• _Records to process_:
====================
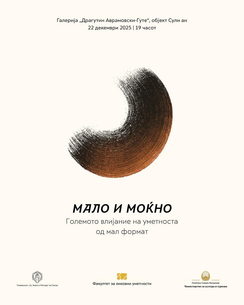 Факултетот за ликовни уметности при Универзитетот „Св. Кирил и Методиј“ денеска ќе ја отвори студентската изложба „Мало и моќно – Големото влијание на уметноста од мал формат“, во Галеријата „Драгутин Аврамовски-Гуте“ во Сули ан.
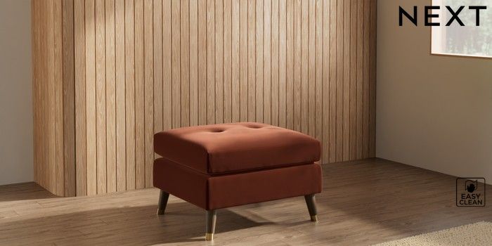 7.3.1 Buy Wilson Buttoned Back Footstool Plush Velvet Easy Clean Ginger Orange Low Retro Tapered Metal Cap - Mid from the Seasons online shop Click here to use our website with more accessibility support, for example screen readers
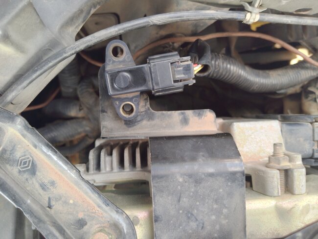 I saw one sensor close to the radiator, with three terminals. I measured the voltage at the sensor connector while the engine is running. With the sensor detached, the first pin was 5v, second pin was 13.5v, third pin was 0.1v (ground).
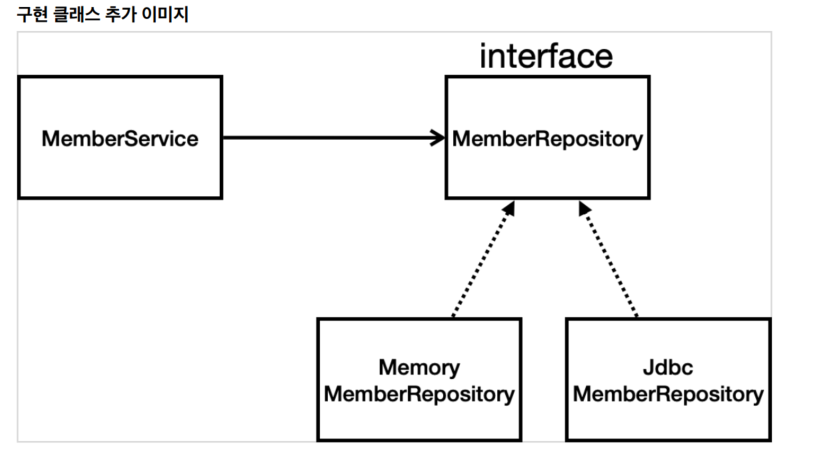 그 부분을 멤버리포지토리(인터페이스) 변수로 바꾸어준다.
====================
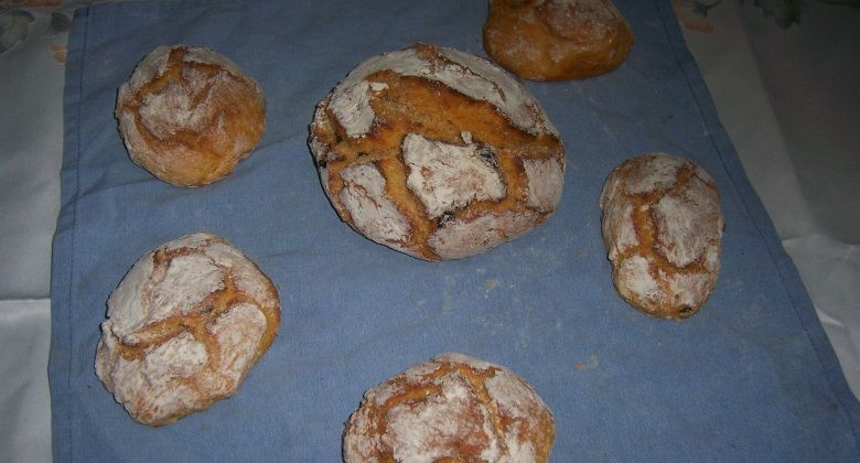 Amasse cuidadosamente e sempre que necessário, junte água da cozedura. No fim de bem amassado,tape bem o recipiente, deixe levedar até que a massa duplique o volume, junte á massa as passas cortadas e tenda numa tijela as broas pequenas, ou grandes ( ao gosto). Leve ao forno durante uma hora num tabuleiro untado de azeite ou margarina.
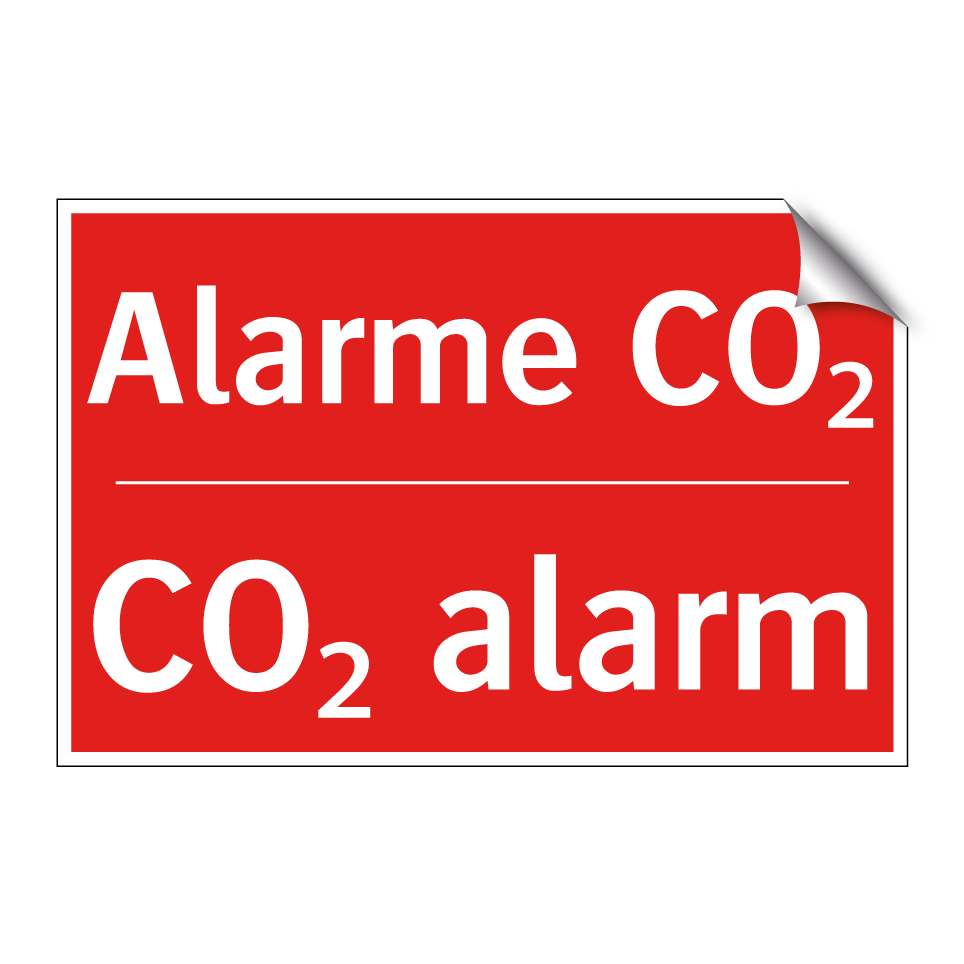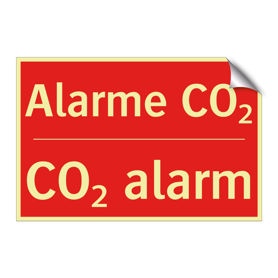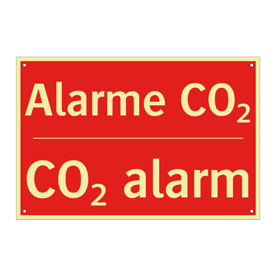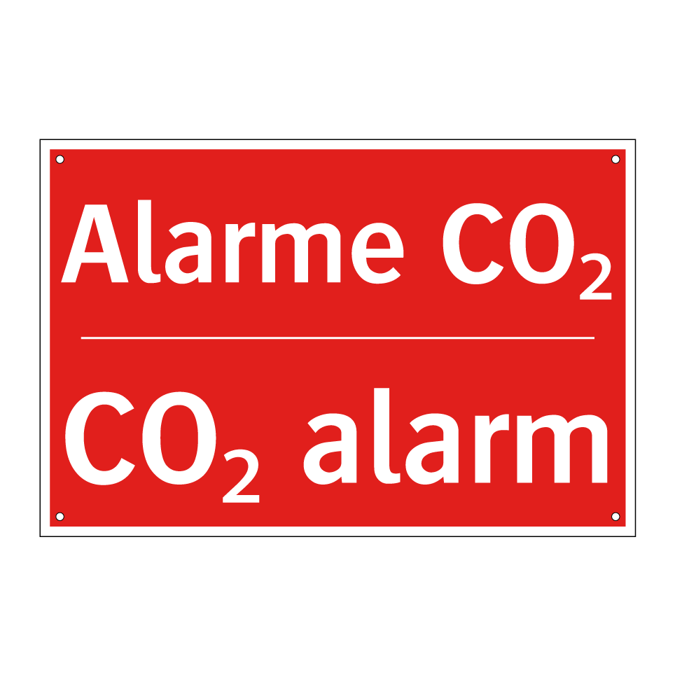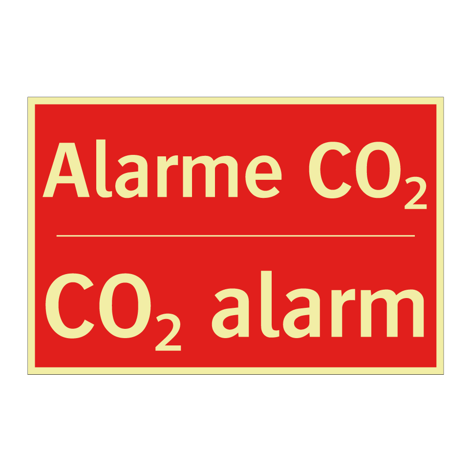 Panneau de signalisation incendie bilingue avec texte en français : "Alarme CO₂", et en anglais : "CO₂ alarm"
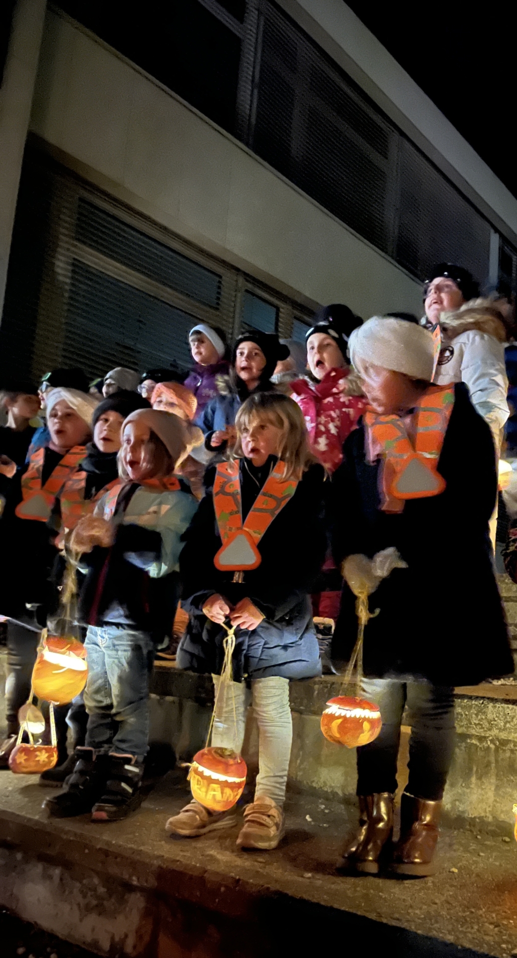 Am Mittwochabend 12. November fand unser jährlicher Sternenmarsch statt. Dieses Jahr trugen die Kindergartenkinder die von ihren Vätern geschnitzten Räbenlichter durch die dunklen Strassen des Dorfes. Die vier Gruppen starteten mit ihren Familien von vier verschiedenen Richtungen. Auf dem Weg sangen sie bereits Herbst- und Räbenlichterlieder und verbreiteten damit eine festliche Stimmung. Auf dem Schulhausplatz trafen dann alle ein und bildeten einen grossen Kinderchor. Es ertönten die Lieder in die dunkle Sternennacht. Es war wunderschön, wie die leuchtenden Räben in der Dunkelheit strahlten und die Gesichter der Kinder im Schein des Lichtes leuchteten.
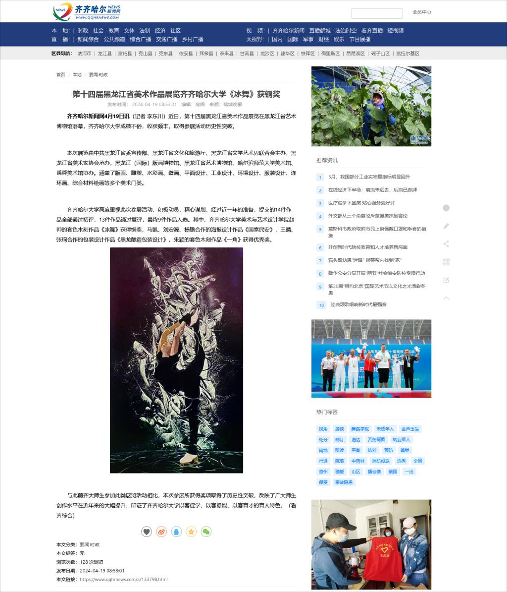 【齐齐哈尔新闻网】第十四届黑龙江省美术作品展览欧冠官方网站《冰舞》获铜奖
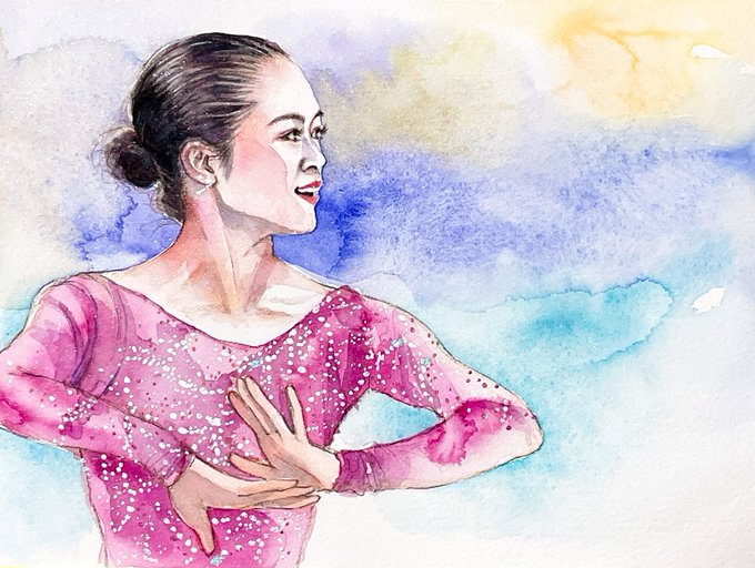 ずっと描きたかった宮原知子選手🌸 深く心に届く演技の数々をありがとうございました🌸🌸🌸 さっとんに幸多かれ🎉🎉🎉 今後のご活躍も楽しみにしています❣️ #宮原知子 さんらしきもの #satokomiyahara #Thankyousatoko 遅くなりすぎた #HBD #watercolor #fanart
====================
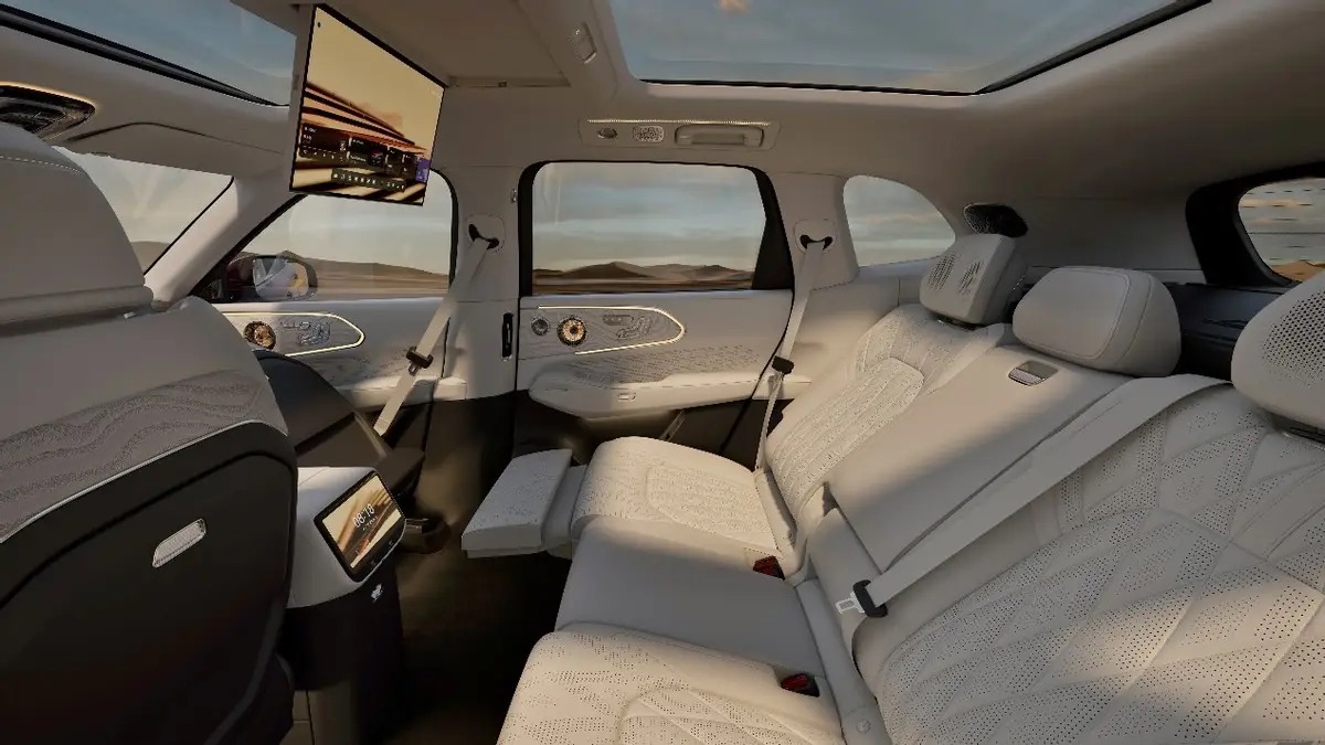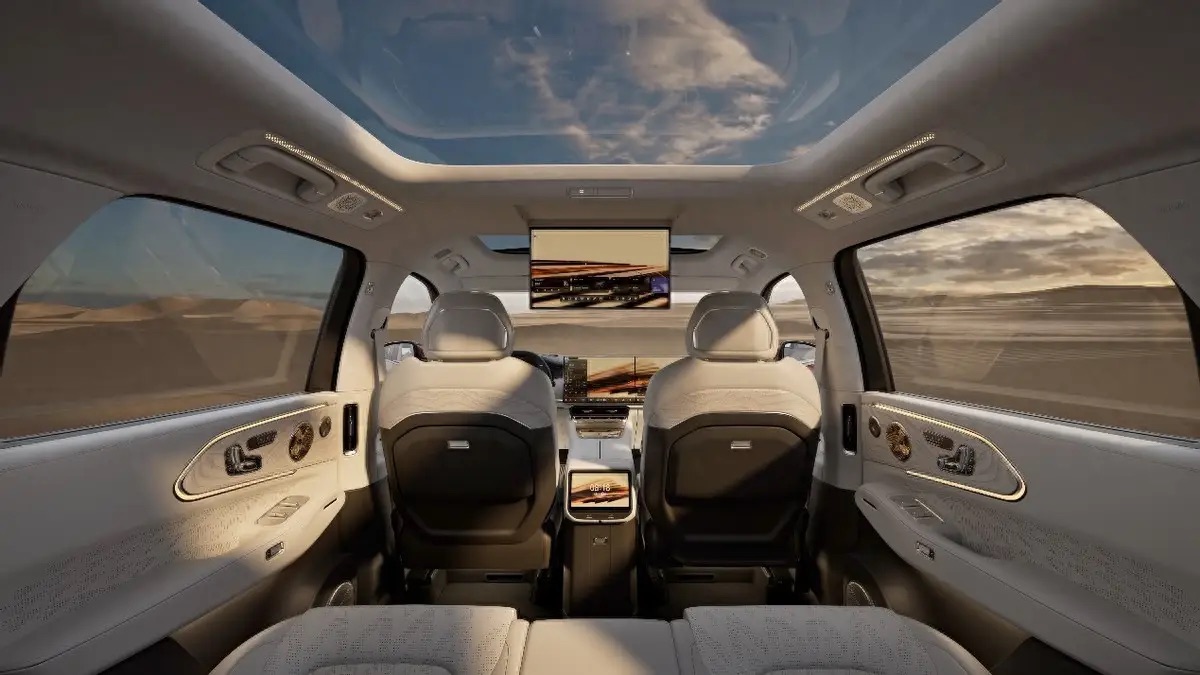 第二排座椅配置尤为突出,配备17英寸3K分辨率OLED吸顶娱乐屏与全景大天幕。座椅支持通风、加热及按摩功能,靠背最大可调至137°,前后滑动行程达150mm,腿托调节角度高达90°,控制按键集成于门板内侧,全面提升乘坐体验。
====================
• _Exercise requirements_: The response must repeat exactly the lines above from the one with "I saw one sensor" through the one with "그 부분을 멤버리포지토리(인터페이스) 변수로 바꾸어준다.", including both, and must contain no pictures and no other text.

• _Response box_:
 I saw one sensor close to the radiator, with three terminals. I measured the voltage at the sensor connector while the engine is running. With the sensor detached, the first pin was 5v, second pin was 13.5v, third pin was 0.1v (ground).
 그 부분을 멤버리포지토리(인터페이스) 변수로 바꾸어준다.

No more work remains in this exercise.